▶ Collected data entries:
⁂

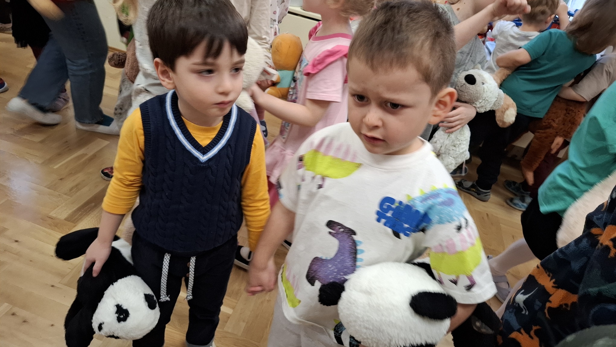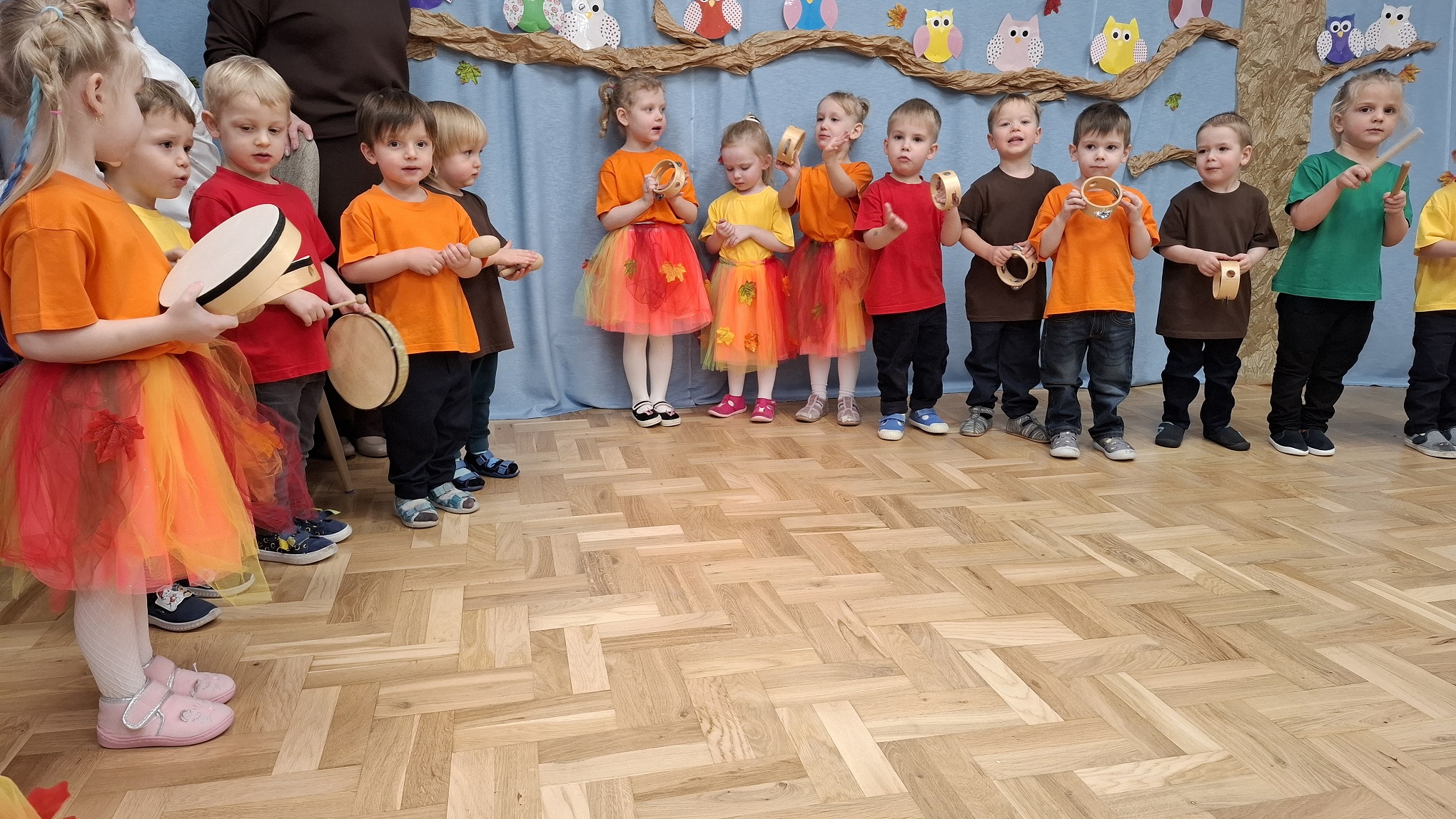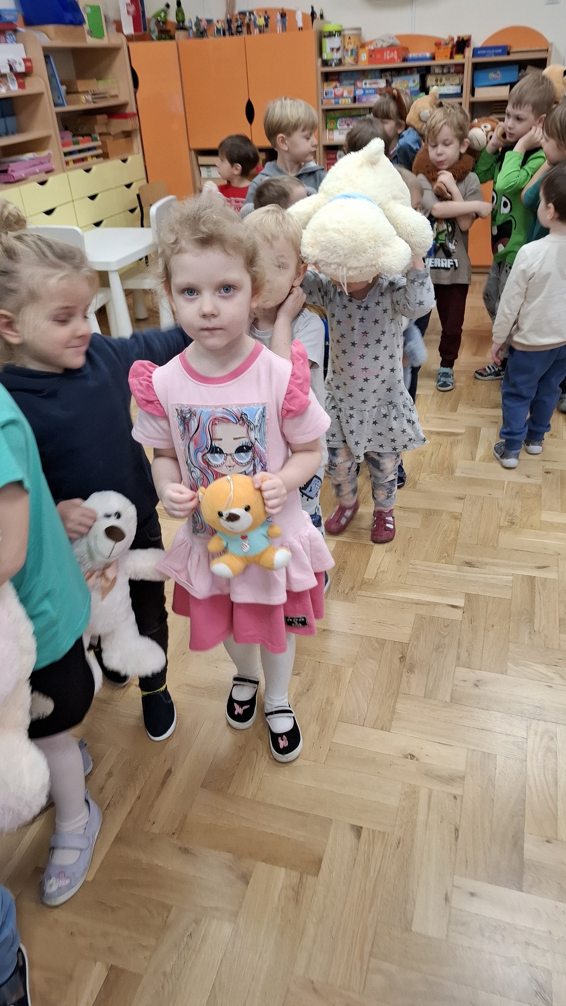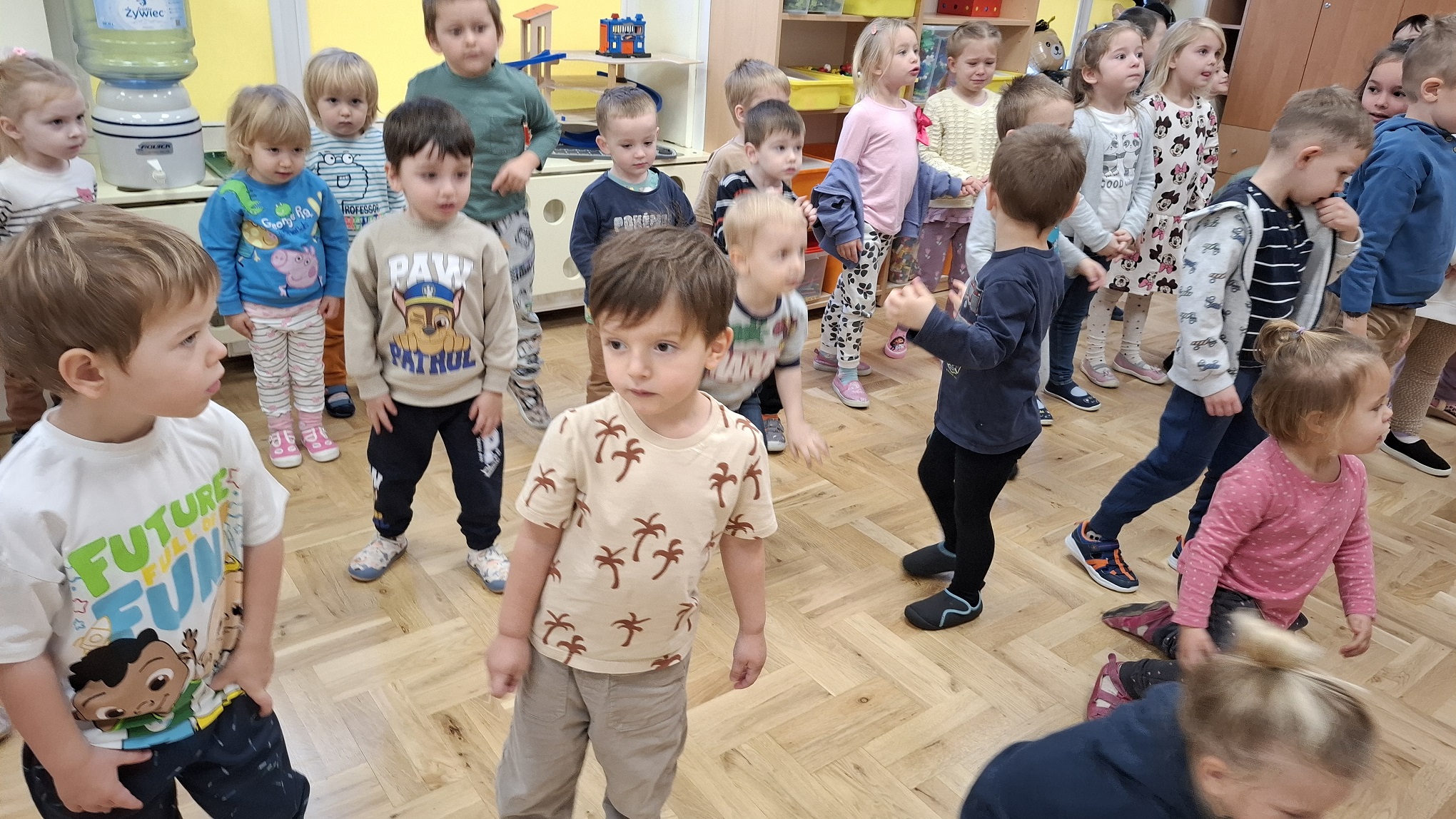 Miniony miesiąc był dla naszej grupy pełen emocji, odkryć i wspólnego świętowania. Dzieci brały udział w wielu wydarzeniach, które rozwijały ich wrażliwość, ciekawość świata oraz poczucie przynależności do wspólnoty przedszkolnej. Braliśmy udział w ogólnopolskiej akcji „Szkoła do Hymnu”, podczas której cała społeczność przedszkola o wyznaczonej godzinie wspólnie odśpiewała „Mazurek Dąbrowskiego”. Dla naszych najmłodszych było to pierwsze takie doświadczenie – pełne powagi, ale też dumy z bycia częścią większej grupy. Wiele radości dostarczyły dzieciom zajęcia ruchowe Roar Dance, podczas których mogły naśladować ruchy, tańczyć i wyrażać emocje poprzez aktywność fizyczną. To zawsze moment pełen energii, uśmiechów i spontanicznej zabawy. W tym miesiącu odbyło się również ważne wydarzenie – Pasowanie na Przedszkolaka. Była to pierwsza uroczystość przedszkolna. Przedszkolaki odważnie zaprezentowały swoje umiejętności, a następnie zostały symbolicznym aktem włączone do grona społeczności przedszkola. Wzruszenie i duma widoczne były zarówno na twarzach dzieci, jak i ich bliskich. Dużym przeżyciem było spotkanie z teatrem. Teatr Falco zaprezentował dzieciom przedstawienie „Cyrk Sznurkowy” – pełne humoru, muzyki i ciekawych bohaterów. Dzieci z zaciekawieniem śledziły perypetie postaci, rozwijając przy tym swoją uwagę, wyobraźnię i wrażliwość estetyczną. W listopadzie świętowaliśmy też radosny Dzień Pluszowego Misia. Dzieci przyniosły do przedszkola swoje ukochane misie. Wspólne zabawy, taniec z pluszakami oraz misiowe zadania sprawiły, że ten dzień był wyjątkowo ciepły i pełen uśmiechu. Na koniec miesiąca odbyły się zajęcia Labolo – „Układ Słoneczny”. Podczas warsztatów dzieci dowiedziały się wielu ciekawych informacji o planetach . Eksperymenty i zabawy sensoryczne pozwoliły im odkryć, jak fascynujący może być świat grawitacji. To była świetna okazja do rozwijania ciekawości poznawczej oraz uważnego słuchania.
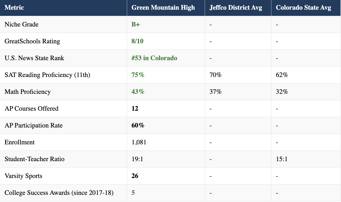 Green Mountain High consistently ranks in the top 25% of Colorado high schools (Source: SchoolDigger). The school has earned 5 College Success Awards since 2017-18 from GreatSchools for preparing students for postsecondary education (Source: GreatSchools.org). It offers 12 AP courses with a 60% participation rate, well above the statewide median (Source: U.S. News). The school also offers capstone programs and academic pathways for postsecondary workforce readiness, which are a distinguishing feature of the Green Mountain articulation area (Source: Jeffco Public Schools).
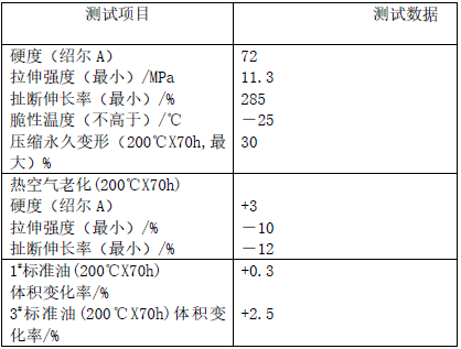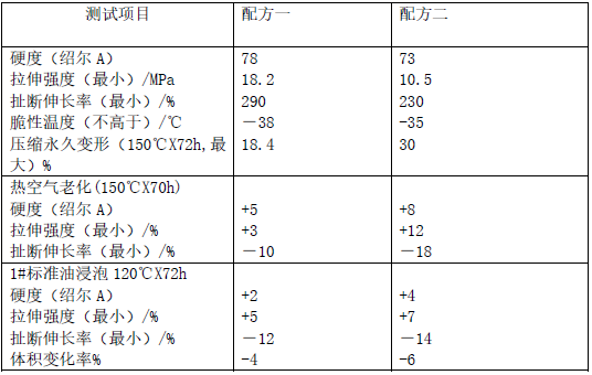 配方二: :氫化丁腈 100;氧化鋅 5;氧化鎂 10;硬脂酸 1;DCP  4;DM 1.5;TAIC 2.5;防老劑ODA 1.5;石蠟 1;N330 50。
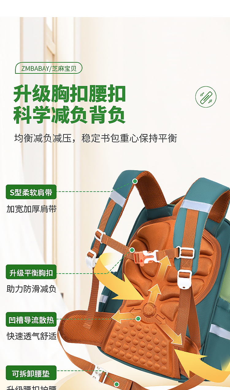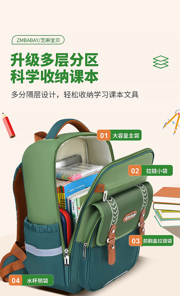 Sesame Baby 새로운 초등학교 가방 남성과 여성 1-3 학년 대용량 어린이 가방 경량 캐주얼 어깨스토어 가기
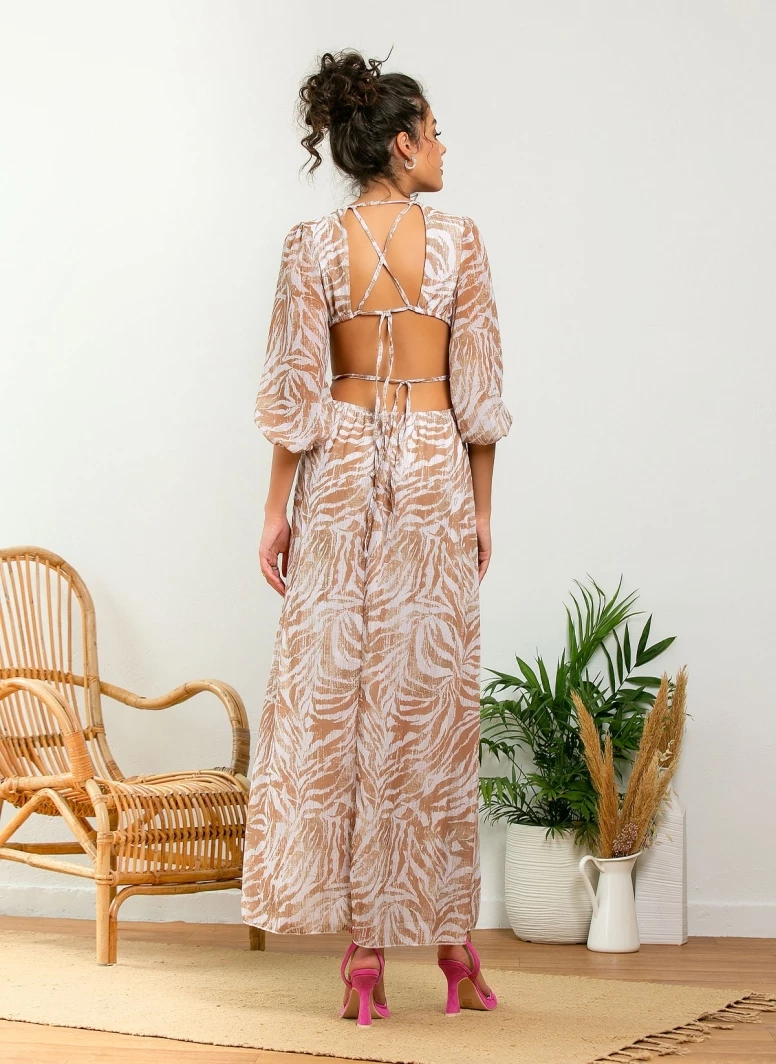 Φόρεμα διαφάνεια με διπλό ύφασμα.Έχει cut outs στη μέση και ανοιχτή πλάτη με κορδόνια.Τα μανίκια έχουν λάστιχο στο τελείωμα. Στρογγυλή λαιμόκοψη. Made in Italy.
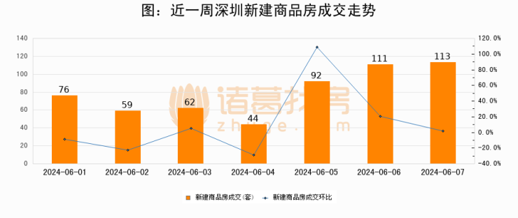 根据深圳市住房和城乡建设局数据显示,2024年06月07日深圳新建商品房成交113套,较昨日增加2套,环比上涨1.8%。近一周深圳新建商品房日均成交80套。06月07日单日成交113套,高于近一周平均水平41.3%。
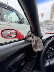 高速道路ではそんなに無かったんだけど、下道に降りたら雨が漏れてきた。
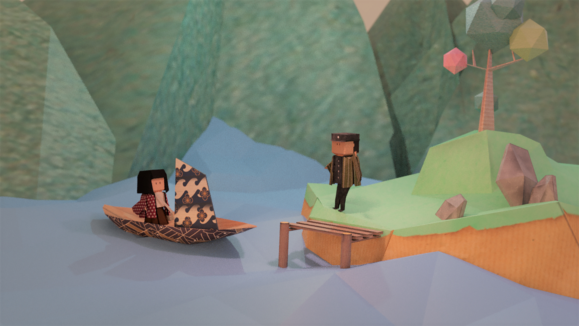 一張色紙的翻摺延展,能創造形體的多變性。透過AR眼鏡特殊的鏡片構造與手機整合虛擬場景及真實世界,使用者協助小女孩將色紙進行改造,使其成為不同情境下的載體,形塑一場虛實整合的遊戲體驗。
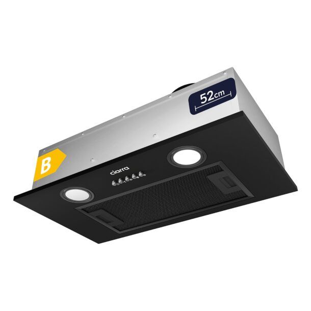 Questa cappa CIARRA da 52 cm a incasso si distingue subito per il suo design salvaspazio: con dimensioni di 52 x 28 x 13 cm e forma compatta, si integra dietro l’anta del pensile, rimanendo praticamente invisibile quando non la usi. Se punti a una cucina lineare e pulita, la finitura nera elegante contribuisce a dare continuità visiva senza elementi sporgenti o ingombranti.
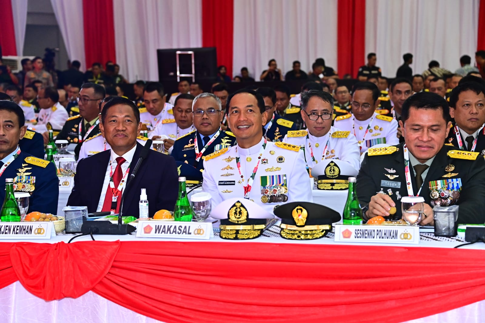 Dalam Rapim TNI-Polri yang mengangkat tema, “TNI-POLRI Siap Mewujudkan Pertahanan Keamanan Untuk Indonesia Maju”, Presiden RI didampingi Panglima TNI Jenderal TNI Agus Subiyanto, Kapolri Jenderal Polisi Listyo Sigit Probowo, Kasad Jenderal TNI Maruli Simanjuntak, Kasal Laksamana TNI Dr. Muhammad Ali, dan Kasau Marsekal TNI Fadjar Prasetyo Agus Supriatna.

⁂

▶ WORK TASK: Only one stretch of the data is wanted: write out exactly the lines from the one holding "高速道路ではそんなに無かったんだけど、下道に降りたら雨が漏れてきた。" through the one holding "一張色紙的翻摺延展,能創造形", both included, without the pictures.

▶ RESPONSE TO THE TASK:
 高速道路ではそんなに無かったんだけど、下道に降りたら雨が漏れてきた。
 一張色紙的翻摺延展,能創造形體的多變性。透過AR眼鏡特殊的鏡片構造與手機整合虛擬場景及真實世界,使用者協助小女孩將色紙進行改造,使其成為不同情境下的載體,形塑一場虛實整合的遊戲體驗。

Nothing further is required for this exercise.